Honeybee_ Lessons from an Accidental Beekeeper - C. Marina Marchese [8]
One-third of the food produced in the world—or one out of three bites of anything we humans eat—depends, to some degree, on honeybees. Healthy bees mean not only more honey but also a wide variety of food on our tables. Without honeybees, our supply of fresh food would be severely limited.
Beekeepers hire out honeybee populations to farmers around the country who rely on their honeybees to facilitate the pollination of their crops. Farmers secure this service through pollination contracts. Beekeepers are hired annually and are paid per hive. In 2008, they were paid $135 to $190 per hive. They often make more money renting out their colonies for pollination than they do selling their own honey. You can feel good about purchasing honey, because you know that the bottle represents not only all the work the honeybees put into making it but also the work they have done for agriculture, farmers, and the food we eat every day.

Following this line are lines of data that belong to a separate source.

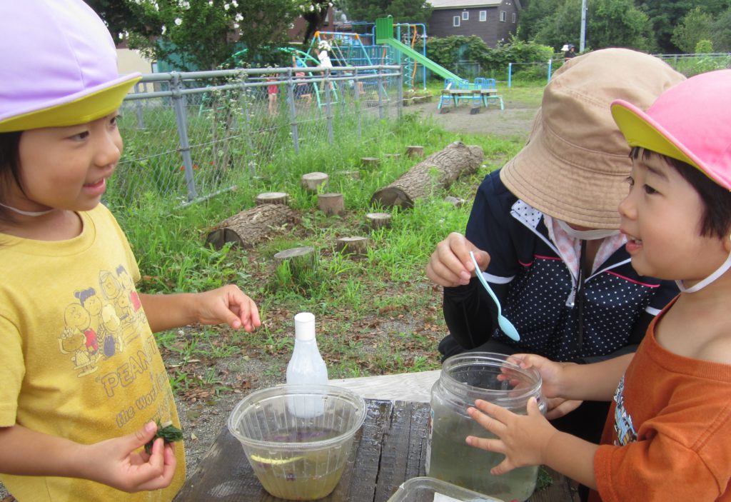 また、一人ひとり興味を持つこと、気づきが違うことも面白いと日々感じていますが、子どもたちがじっくり自分のペースで夏の自然と関わっていけるよう機会を作り、寄り添っていきたいと思います。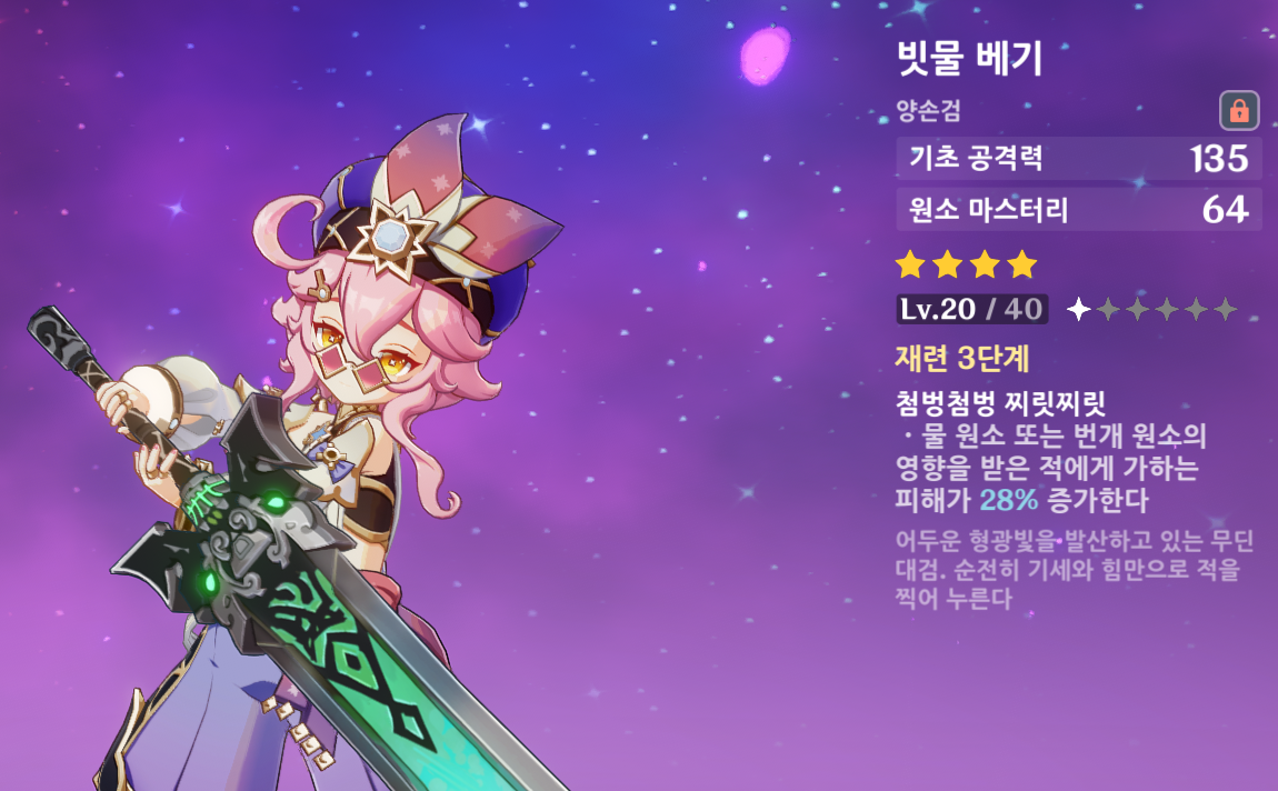 다만 풀 원소와 함께 사용하기 좋은 캐릭터일 것으로 판단되므로, 풀원소 반응시 중요한 빗물 베기가 도리에게 좋은 무기가 될 것이다. 도리가 있는 이상 X물 베기는 아니다. 대신 원소 충전을 성유물에서 많이 챙겨줘야 한다.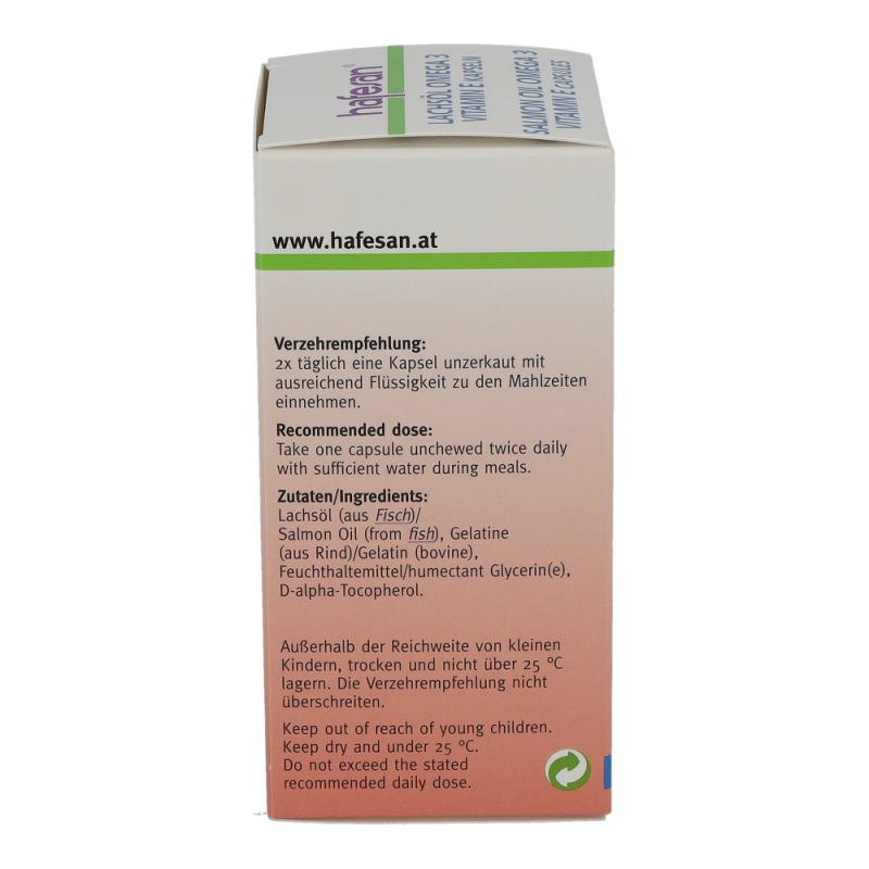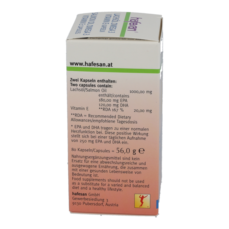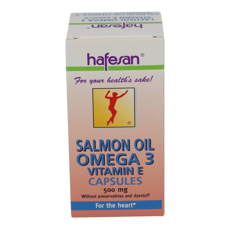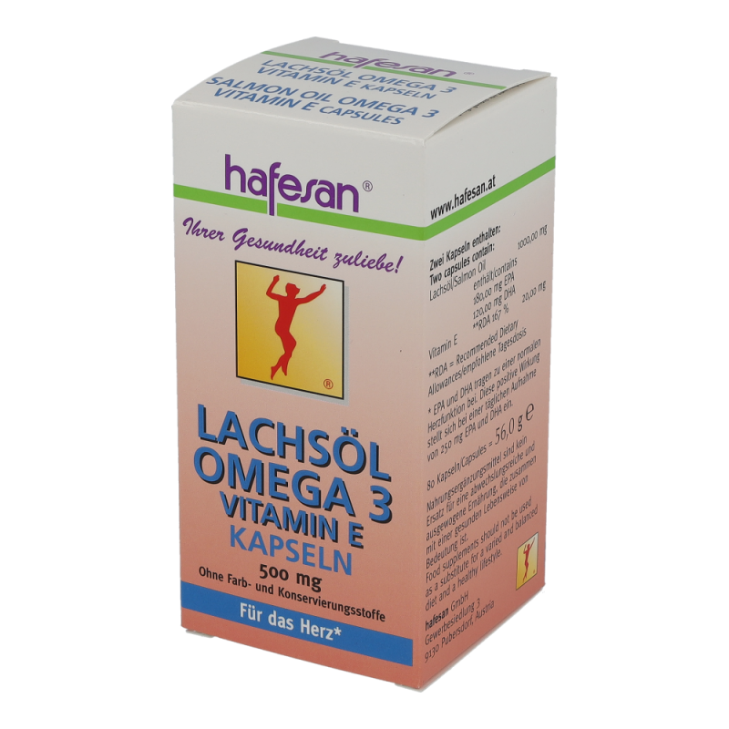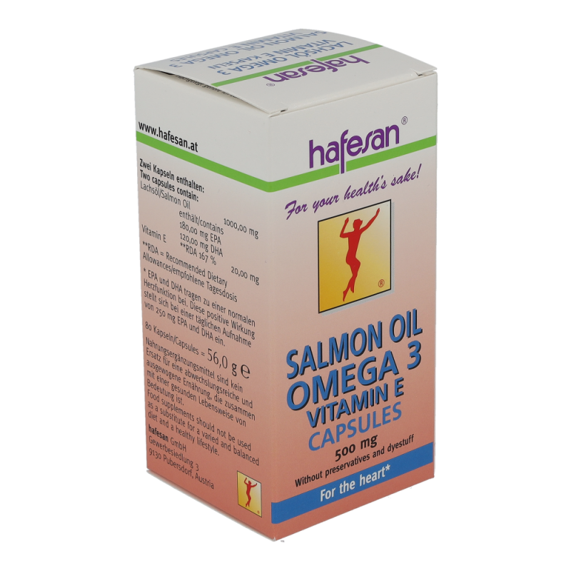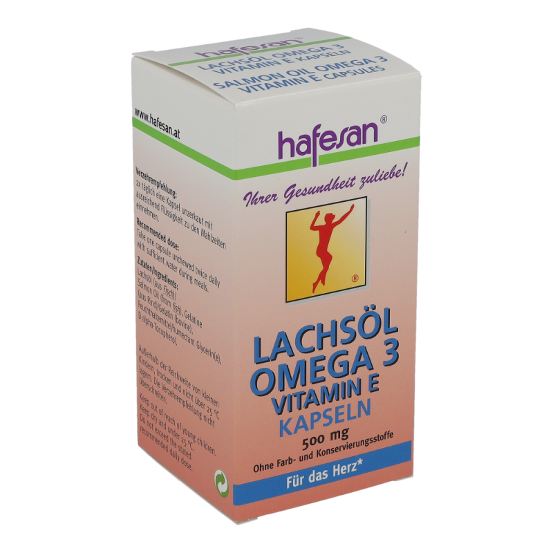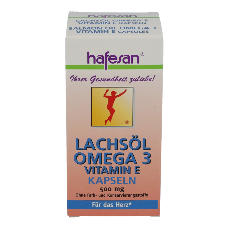 Hafesan® Lachsöl Omega 3 + Vitamin E Kapseln enthalten die Omega 3-Fettsäuren EPA und DHA. Diese sind wichtig für den Erhalt der Gehirnfunktion und der Sehkraft und leisten einen wichtigen Beitrag zu einer normalen Herzfunktion.

It’s estimated that there are nearly 2.4 million colonies of honeybees in the United States, and each year two-thirds of these are trucked around the country to pollinate crops for farmers. A typical season might begin in California, where 580,000 acres of almond groves completely depend on honeybees for pollination. (California supplies 100 percent of the nation’s almonds and 80 percent of the world’s almonds.) Each February, migratory beekeepers load 1.5 million honeybee colonies onto trailer trucks just to pollinate the state’s almond crop. This huge operation is the largest pollination event in the world, requiring more than half of all beehives in the United States! The bees are then trucked to the Northeast to work on the cherry and apple blossoms. New York State, for example, needs 30,000 hives to pollinate its apple crops. Next stop is the orange groves in Florida, followed by the cranberry bogs in New Jersey and Massachusetts. The bees will then journey to the clover fields of North Dakota and finally to Maine, which needs about 50,000 hives for its blueberries.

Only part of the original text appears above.